Рыцарь ни на минуту не усомнился в том, что она исполнит свою угрозу, ибо таким не шутят. Поклонился и виновато опустил глаза.
Витовту, наблюдавшему за изменением выражения лица дочери, почему-то пришло в голову, что именно такие взбалмошные девки, как Софья, имеют особую власть над сильным полом, и это ему было только на руку.
3
Собравшись с духом, княжич Василий попросил хозяина замка о приеме. Тот не отказал, хотя не слишком верил в то, что услышит от гостя нечто путное. Однако рассудил: «Послушаю, что скажет сей молодец, от меня не убудет, а то Софья навыдумывает Бог знает чего».
Витовт принял Василия в той же самой зале, где давал пир на Крещение Господне, но на сей раз оттуда были вынесены столы и лавки. Он восседал на высоком резном кресле, напоминавшем трон, в желтом шелковом камзоле, застегнутом до самого горла. Из-за пояса у него выглядывала усыпанная самоцветами рукоять кинжала, а на плечи ему был накинут короткий плащ гранатового цвета. С обеих сторон от него стояли татарские телохранители с каменными бесстрастными лицами и раскосыми глазами, в кольчугах, опиравшиеся на древки алебард. Княжич был в сером дорожном кафтане и выглядел довольно невзрачно, но другого костюма он не имел.
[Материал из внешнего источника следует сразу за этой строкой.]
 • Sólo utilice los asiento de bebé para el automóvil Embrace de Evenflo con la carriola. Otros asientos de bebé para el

В его бледном лице не было ни кровинки, а глаза смотрели куда-то в сторону, будто он в чем-то провинился и явился вымаливать прощение.
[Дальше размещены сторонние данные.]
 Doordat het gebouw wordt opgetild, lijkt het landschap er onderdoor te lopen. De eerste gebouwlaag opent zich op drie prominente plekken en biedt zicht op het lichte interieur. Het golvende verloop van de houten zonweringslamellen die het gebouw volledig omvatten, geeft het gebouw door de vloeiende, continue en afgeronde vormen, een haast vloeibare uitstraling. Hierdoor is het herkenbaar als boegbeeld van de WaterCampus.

— Государь, со мной нет бояр, потому вынужден сам хлопотать за себя, — начал Василий с заготовленной заранее фразы, чувствуя, что с трудом превозмогает робость, и вдруг, как с обрыва, бросился: — Я прошу у тебя руки Софьи. Отдай ее за меня, и я до гробовой доски стану почитать тебя, как родного отца.
— Да она же еще ребенок, — слукавил Витовт, хотя кому, как не ему было знать, что в государственных вопросах возраст не помеха.
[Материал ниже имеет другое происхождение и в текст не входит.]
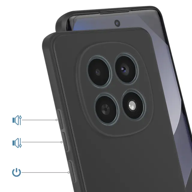 To črno ohišje za telefon Redmi Note 15 5G/4G je izdelano iz mat silikona proti praskam, da bo telefon ves dan videti urejen in čist.. Prilagodljiv material absorbira udarce in ščiti vogale pametnega telefona pred naključnimi udarci.. Dvignjeni robovi ščitijo zaslon in foto senzorje, ko telefon leži na mizi. Mehka prevleka izboljša oprijem in zmanjša tveganje zdrsa.
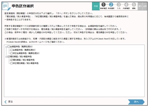 申告区分選択では、「増加資産/減少資産申告」にチェックをいれましょう。

По церковным канонам замуж выдавали начиная с двенадцати лет, но при необходимости могли и раньше. В большинстве случаев коронованные особы оправдывали возлагавшиеся на них надежды. Да, что далеко ходить, двоюродный брат Ягайло-Владислав женился на королеве Ядвиге, когда той исполнилось четырнадцать, то есть меньше, чем ныне Софье.
Превозмогая робость, Василий стол на своем. Тогда Витовт привел свой основной довод:
— Говоришь, что намерен жениться, но как это понимать, коли неизвестно мнение твоего батюшки, а без его благословения какое венчание?
Довод выглядел веско, даже убийственно, но Василий на удивление быстро нашелся.
— Но обручиться-то, мы можем…
— Сватаешься без дозволения отца, а коли девку мне опозоришь и не возьмешь за себя то, что мне тогда делать? Ладно, ступай. Позже сообщу тебе свое решение.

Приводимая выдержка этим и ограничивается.